Os fenómenos naturais têm o condão de nos
convocar para a nossa frágil condição. Mas essa constatação – que, no meio da
tragédia e do drama, tem o seu lado saudável – não deve servir (não pode!) para
incensar responsabilidades. Ninguém pretenderá imputar os ventos descontrolados,
as temperaturas de 40 graus e a trovoada seca (há sempre uma expressão técnica que,
a cada catástrofe, entra para o léxico popular). Mas no terreno dos
comportamentos, da educação, do planeamento, há seguramente muito por apurar.
E, portanto, responsabilidades por atribuir.
Não há fenómeno natural que pacifique uma sã
consciência cívica quando, em meia dúzia de horas, morrem mais de 60 pessoas. Não
há chuva, não há vento, não há terramoto, que afaste enormes dúvidas sobre a nossa
competência colectiva.
Exemplos de catástrofes «naturais» não faltarão
por esse mundo fora.
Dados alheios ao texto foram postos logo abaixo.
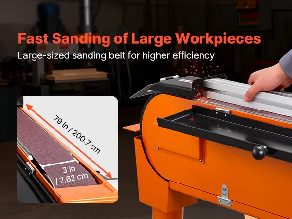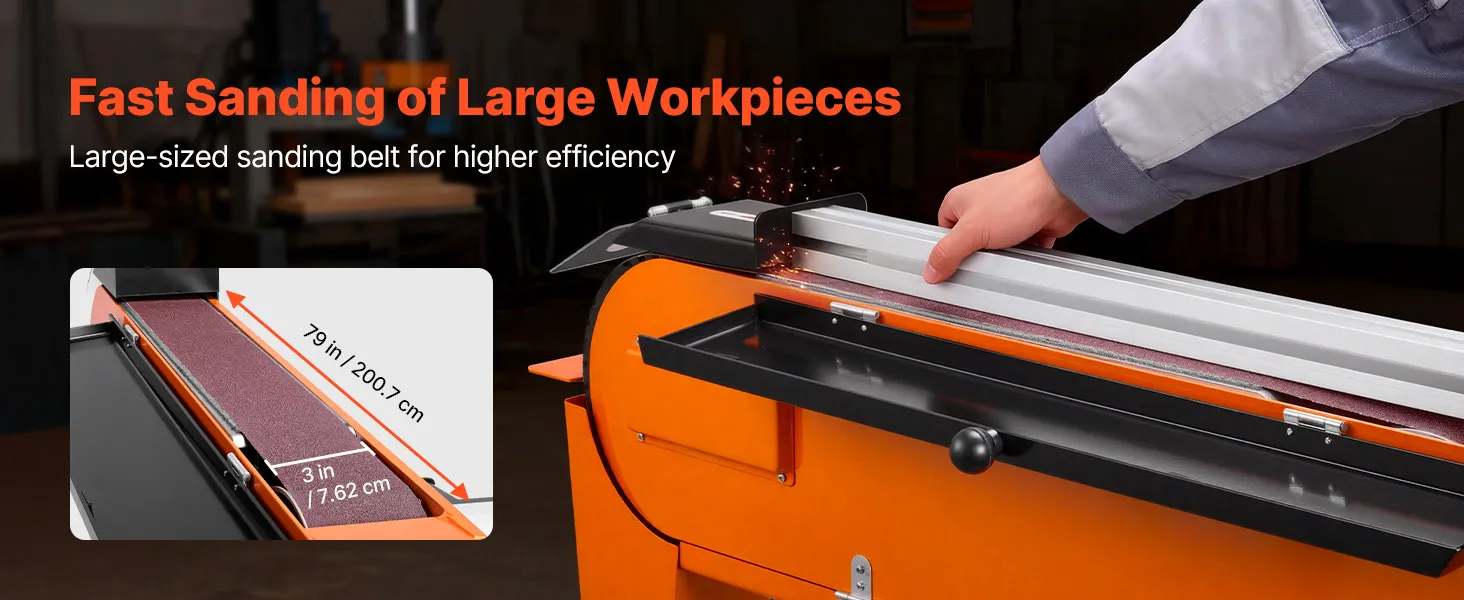 Aangedreven door een krachtige 2100W-motor met een toerental van 900 RPM, levert onze bandschuurmachine van 7,62 x 200,7 cm (3 x 79 inch) een sterk koppel voor veeleisende hout- en metaalbewerkingstoepassingen. De instelbare schuurarm (0–45°) maakt flexibel horizontaal of schuin schuren mogelijk, en de extra brede schuurband zorgt voor snelle materiaalafvoer op grote oppervlakken.

Exemplos de uma mortandade a esta escala, num tão curto
espaço temporal, em condições «óptimas» como as que se anteviam, não se
encontram.
Podemos falar da protecção civil, nos
bombeiros, nas forças de segurança. Questionamo-nos como foi possível não se terem
fechado à circulação aquelas estradas imediatamente. Suscitamos o debate sobre
o modelo de exploração florestar e as espécies de árvores em que apostamos. Podemos
discutir a opção de investimento desproporcionada em favor dos meios de combate
e não das medidas de prevenção. Mas há ainda um outro debate que podemos e
devemos fazer e que se coloca no terreno da educação. Lembro-me muitas vezes
daquela criança americana que salvou a sua família no tsunami na ásia porque,
ao olhar ao comportamento estranho da maré, se lembrou das aulas de ciências e
avisou os pais de que estava a chegar um tsunami. Algum de nós aprendeu na
escola a comportar-se num ambiente de catástrofe natural? Algum de nós sabe o
que fazer se estiver no meio de um fogo? Alguém aprendeu regras básicas de
controlo pessoal?
Não. Não!
Desculpem-me mas esta tragédia humana
inimaginável não pode estacionar na nossa indignação estéril. E muito menos
pode justificar-se nessa expressão sonsa de «causa natural». Muita coisa tem de
mudar. Desde a escolha dos nossos protagonistas políticos, à política de
prevenção e exploração florestal, passando naturalmente pela estratégia de
protecção civil e de combate aos incêndios. E começando pelas escolas, onde valeria
a pena investir no ensino básico. De regras de sobrevivência, por exemplo!